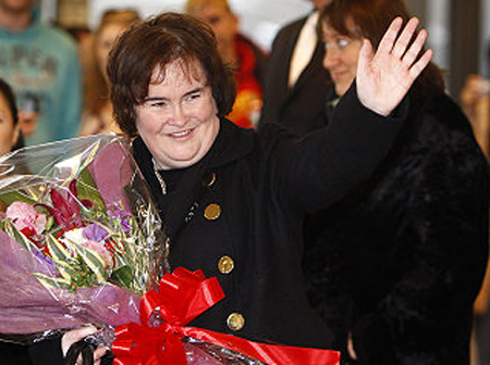 中新網(wǎng)12月30日電 英國(guó)當(dāng)紅明星蘇珊大媽(Susan Boyle)昨天(29日)抵達(dá)日本,她將參加日本放送協(xié)會(huì)(NHK)在除夕夜舉辦的紅白歌唱大賽。蘇珊大媽上午抵達(dá)東京成田機(jī)場(chǎng),現(xiàn)身出境口時(shí),滿臉笑容更狂向粉絲送飛吻,她已愈來(lái)愈有明星架勢(shì)。
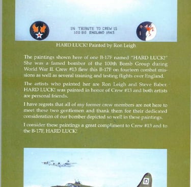 My Fight Crew #13Our Ground CrewThe 100th Bomb GroupThe B-17s We FlewThe 8th Air forceThe Fighter Plane Escort
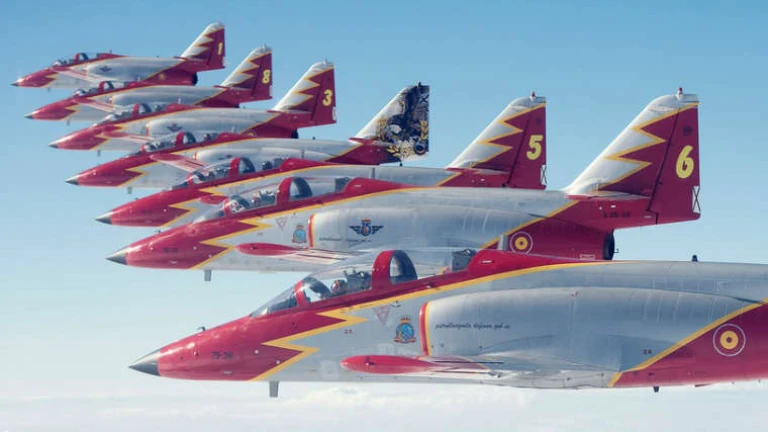“Volar en la Patrulla Águila supone un riesgo máximo”. Son palabras de Rosa María García-Malea, primera mujer en pilotar un F5, un F18 y en formar parte de la Patrulla Águila, el grupo de vuelo acrobático del Ejército del Aire creado en 1985. Hacen maniobras como el looping invertido y el aterrizaje en formación durante sus exhibiciones por España y Europa.
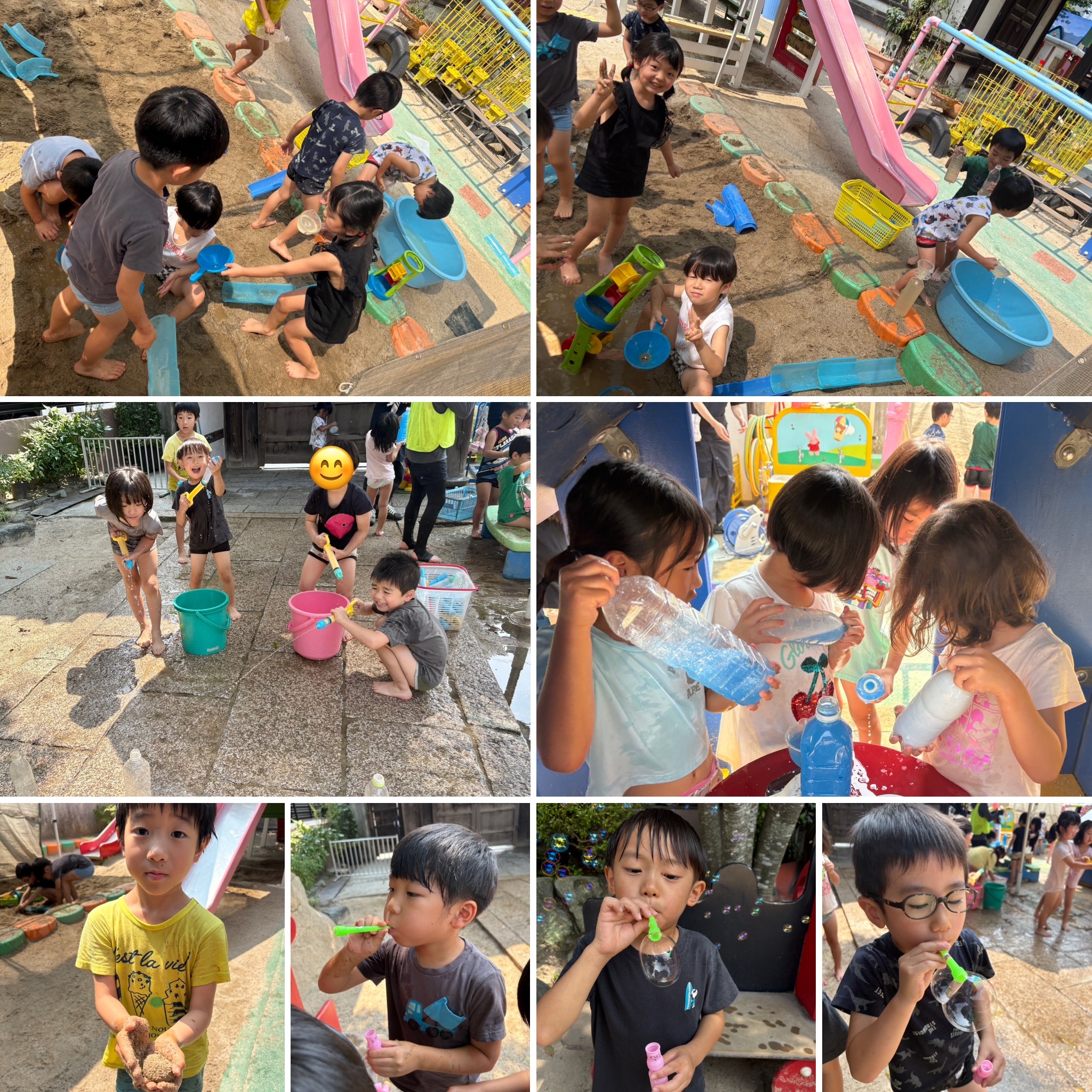 夏遊びも後半に入りました!安定の水鉄砲や泥んこに石鹸の泡遊びも加わり、どんな発見をするのか楽しみです。泥んこでは泥団子作りにも挑戦しています。久しぶりのシャボン玉も盛り上がりました。まだまだ夏を楽しみます☆

================

**Exercise description**
Print the material word for word without images.

**Answer space**
 中新網(wǎng)12月30日電 英國(guó)當(dāng)紅明星蘇珊大媽(Susan Boyle)昨天(29日)抵達(dá)日本,她將參加日本放送協(xié)會(huì)(NHK)在除夕夜舉辦的紅白歌唱大賽。蘇珊大媽上午抵達(dá)東京成田機(jī)場(chǎng),現(xiàn)身出境口時(shí),滿臉笑容更狂向粉絲送飛吻,她已愈來(lái)愈有明星架勢(shì)。
 My Fight Crew #13Our Ground CrewThe 100th Bomb GroupThe B-17s We FlewThe 8th Air forceThe Fighter Plane Escort
“Volar en la Patrulla Águila supone un riesgo máximo”. Son palabras de Rosa María García-Malea, primera mujer en pilotar un F5, un F18 y en formar parte de la Patrulla Águila, el grupo de vuelo acrobático del Ejército del Aire creado en 1985. Hacen maniobras como el looping invertido y el aterrizaje en formación durante sus exhibiciones por España y Europa.
 夏遊びも後半に入りました!安定の水鉄砲や泥んこに石鹸の泡遊びも加わり、どんな発見をするのか楽しみです。泥んこでは泥団子作りにも挑戦しています。久しぶりのシャボン玉も盛り上がりました。まだまだ夏を楽しみます☆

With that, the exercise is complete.